By Jonathan Ponciano


“What if you were sitting on the antidote for Covid and you didn’t deploy it? That’s how I feel,” says Hayes Barnard as he guides his 2012 Tesla Model S through the sweltering streets of Austin, Texas. The 50-year-old software salesman turned serial entrepreneur is making the case that his fintech, GoodLeap, is helping save the planet—as well as making him rich. Some 40% of U.S. greenhouse emissions come from buildings, compared to 25% from transportation. “We have to electrify the home. We have to!” he exhorts, his voice rising. “If not us, who?”

Of course, GoodLeap isn’t exactly electrifying Americans’ homes. Contractors are doing that. But it is making it possible for ordinary home­owners to instantly finance solar installations, paying the cost over 25 years with their monthly utility bill savings, with a little left over each month. “People don’t want to do it unless they know they’re saving money from day one,” Barnard says. “That guy in Dubuque, Iowa, isn’t thinking about how he can lower his carbon footprint, but he is thinking about how he can save $50 a month.”

GoodLeap now finances a market-leading 28% of all home solar installations nationwide, handing out nearly $1 billion in loans each month, enough to cover 27,000 homeowners. It’s gearing up for even bigger numbers, thanks in part to the tens of billions in expanded tax credits for green home improvements Democrats pushed through in August. With only 4% of American homes having made the switch to solar, Barnard points out that GoodLeap has plenty of room to grow.

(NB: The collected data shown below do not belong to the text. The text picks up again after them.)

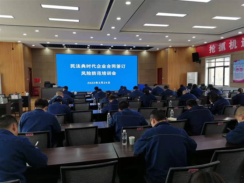 為深入學習貫徹習近平總書記法治思想,落實集團公司法治建設相關要求,全面開展普法宣傳教育活動,3月24日,公司舉行了民法典時代企業合同簽訂風險防范培訓會。公司黨委委員、總經理助理、副總會計師邢宏昌,副總經理姜劍鋒以及各單位合同管理員、風險防控員等參加。
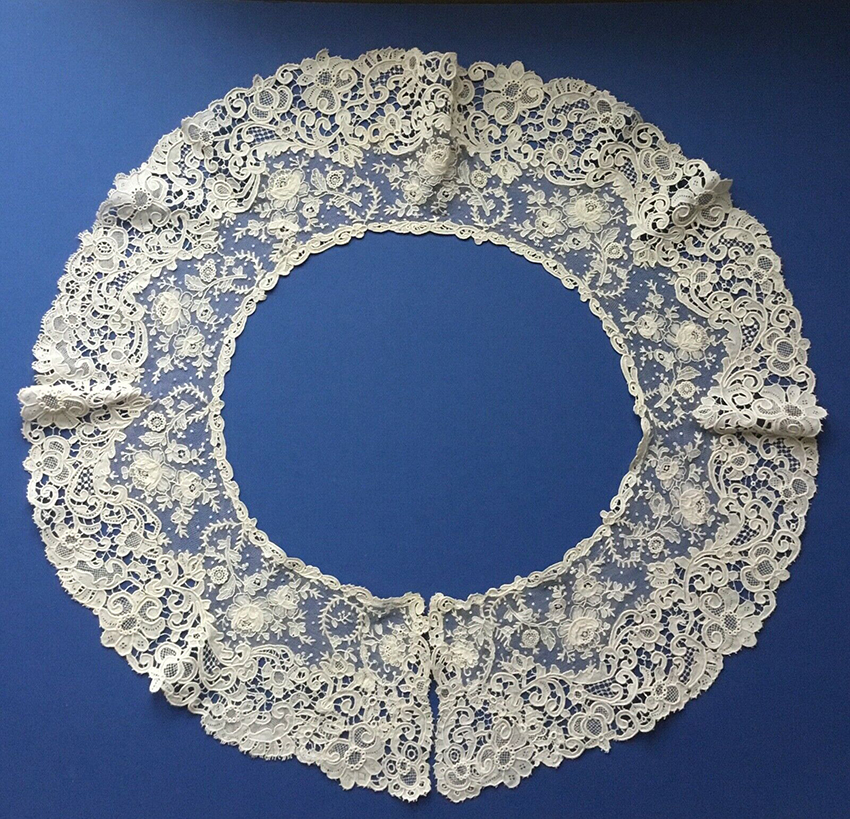 Belgian Mixed Needlelace bertha 38" neckline, 5.5" deep Combination 'Venise' and Point de Gaze. Elaborate design with raised petal roses. Good contrast between the heavy outer border and more typical 'continuous' Point de Gaze on the inner border. purchased 03/26/2019 |
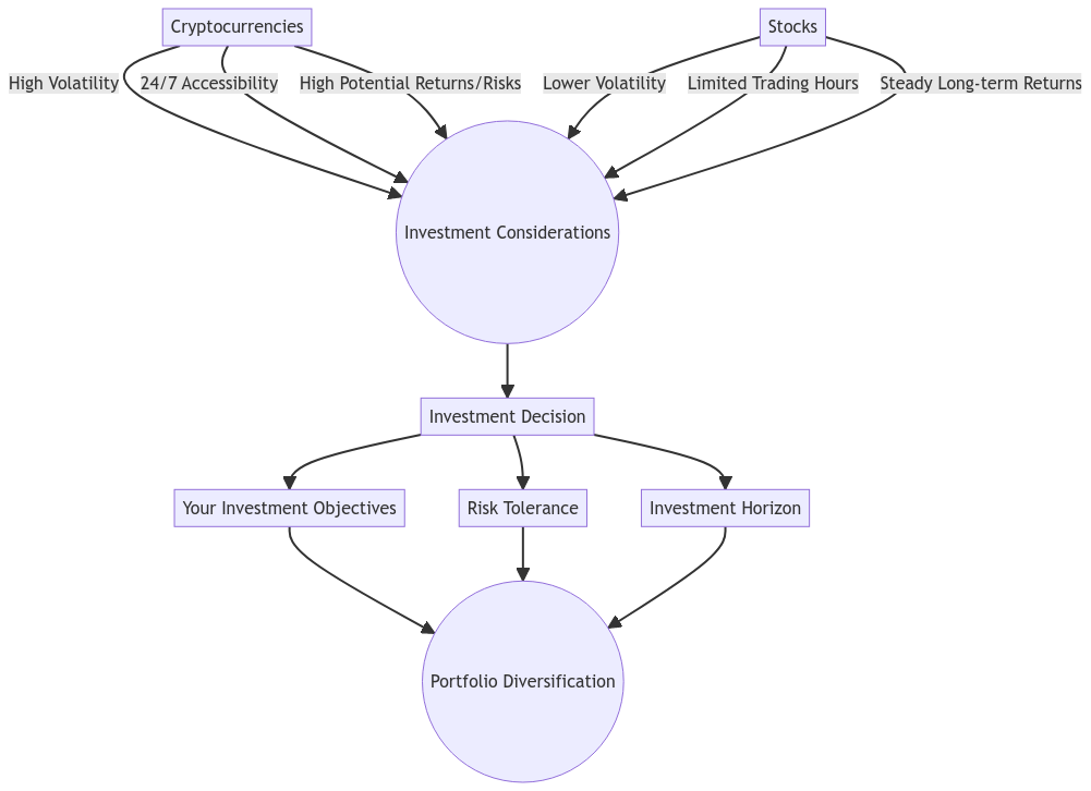The decision to invest in stocks or cryptocurrencies should be anchored in your investment objectives, risk tolerance, and investment horizon. Diversification of your portfolio is vital for risk mitigation and achieving a balanced return on investment.
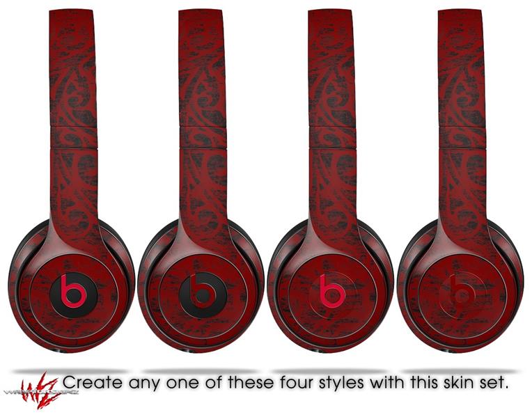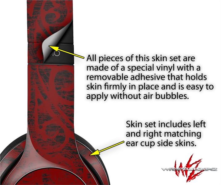 WraptorSkinz Skin Decal Wrap compatible with Beats Solo 2 and Solo 3 Wireless Headphones Folder Doodles Red Dark (HEADPHONES NOT INCLUDED)

Late last year, GoodLeap nabbed a $12 billion valuation in an $800 million funding round led by Michael Dell’s family firm and billionaire investor Byron Trott’s BDT Capital. That makes Barnard’s 40% stake—even after applying a hefty 35% discount to reflect the cratering value of comparable fintech stocks—worth $3.2 billion. Throw in his other holdings and Forbes estimates his net worth at $4 billion, enough to catapult him for the first time into the ranks of the 400 richest Americans.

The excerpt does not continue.